Comparison of 13C-NMR spectral data between natural (-)-gusanlung D [1], synthetic (-)-gusanlung D [4] and synthetic (±)-gusanlung D [3] and [this work].

(position)	(–)-gusanlung DCDCl3 [1]m.p. 250-251 °C	(–)-gusanlung DCDCl3 [4]m.p. 195-197 °C	(±)-gusanlung DCDCl3 [3]m.p. 175-177 °C	(±)-gusanlung DCDCl3 [this work]m.p. 175-176 °C
	13C	13C	13C	13C
1	107.3	105.8	105.97	105.9
2	135.0	146.5 b	146.57	146.6c
3	147.0	146.7b	146.77	146.8c
4	107.5	108.6	108.81	108.7
4a	126.5	128.8	128.85	128.9
5	29.7	29.6	29.61	29.7
6	42.0	38.7	38.49	38.8
8	162.0	164.5	158.67	164.6
8a	117.3	137.2	137.24	137.3
9	128.7a	128.6	128.60	128.6
10	127.9a	127.3	127.37	127.4*
11	127.1a	131.8	132.33	131.9*
12	126.8a	126.8	126.87	126.9
12a	124.6	129.0	131.81	129.1
13	33.5	38.1	37.78	38.1
14	49.4	55.2	55.18	55.3
14a	126.5	128.5	128.55	128.6
OCH2O	100.9	101.1	101.00	101.1

a, b, c,* assignments may be interchangeable.
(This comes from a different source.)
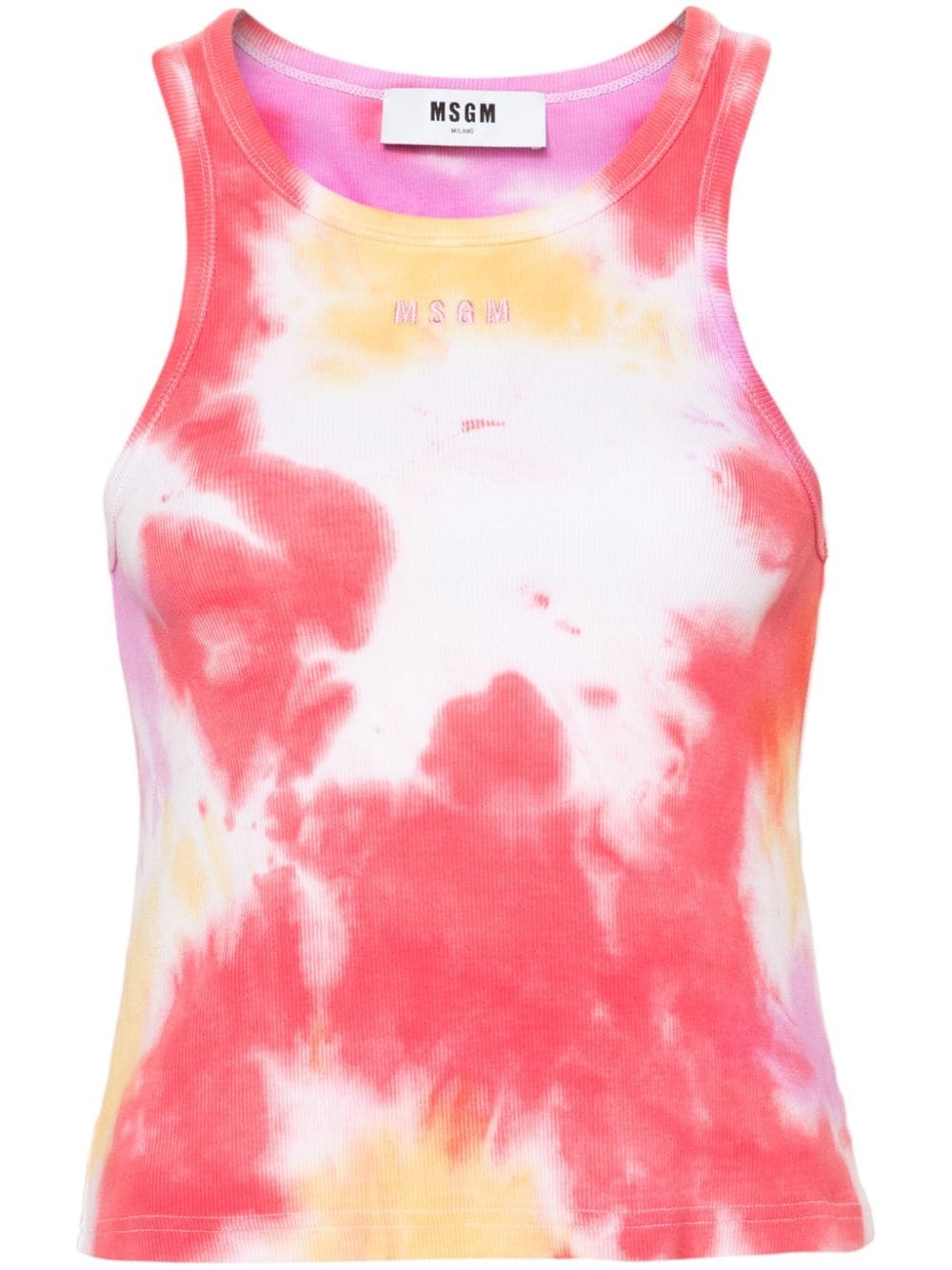 tie-dye ribbed tank top Highlights - Pink/multicolour - Stretch-cotton - Fine ribbed - Tie-dye pattern - Embroidered logo to the front - Round neck - Sleeveless - Straight hem Imported Composition Cotton 95%, Elastane 5% SIZE & FIT Model measurements Height 5 ft 11 in(1.8 m) Bust/Chest 34.25 in(87 cm) Hips 35.82 in(91 cm) Waist 24.8 in(63 cm) FittingInformation Designed for a close fit throughout Made from a midweight stretch fabric, this piece offers elasticity and flexibility when worn This piece fits true to size – take your usual size Washing instructions Hand Wash

Minimum inhibitory concentration (MIC)

MIC of (±)-gusanlung A (2) and (±)-gusanlung D (1) were determined by NCCLS microbroth dilution methods [9]. (±)-Gusanlung A (2) and (±)-gusanlung D (1) were weighed and dissolved in DMSO to make a solution of concentration 2.56 mg/mL. From this stock solution two-fold serial dilution has been carried out to give a series of solutions from 256 μg/mL to 0.50 μg/mL with culture medium in 96-well microplates (100 μL of total volume). Three different microorganisms were selected viz. Staphytolcoccus aureus ATCC25932, Escherichia coli ATCC10536 and Candida albicans ATCC90028. They were subcultured on nutrient broth supplemented with 10% glucose (NBG) (for bacteria) or Sabouraud glucose broth (for yeast) and incubated at 37 °C for 24 h. A final concentration of 1 x 105 cfu/mL of test bacteria or yeast was added to each dilution. The plates were incubated at 37 °C for 48 h. MIC was defined as the lowest concentration of test agent that inhibited bacterial or yeast growth, as indicated by the absence of turbidity. Test agent-free broth containing 5% DMSO was incubated as growth control.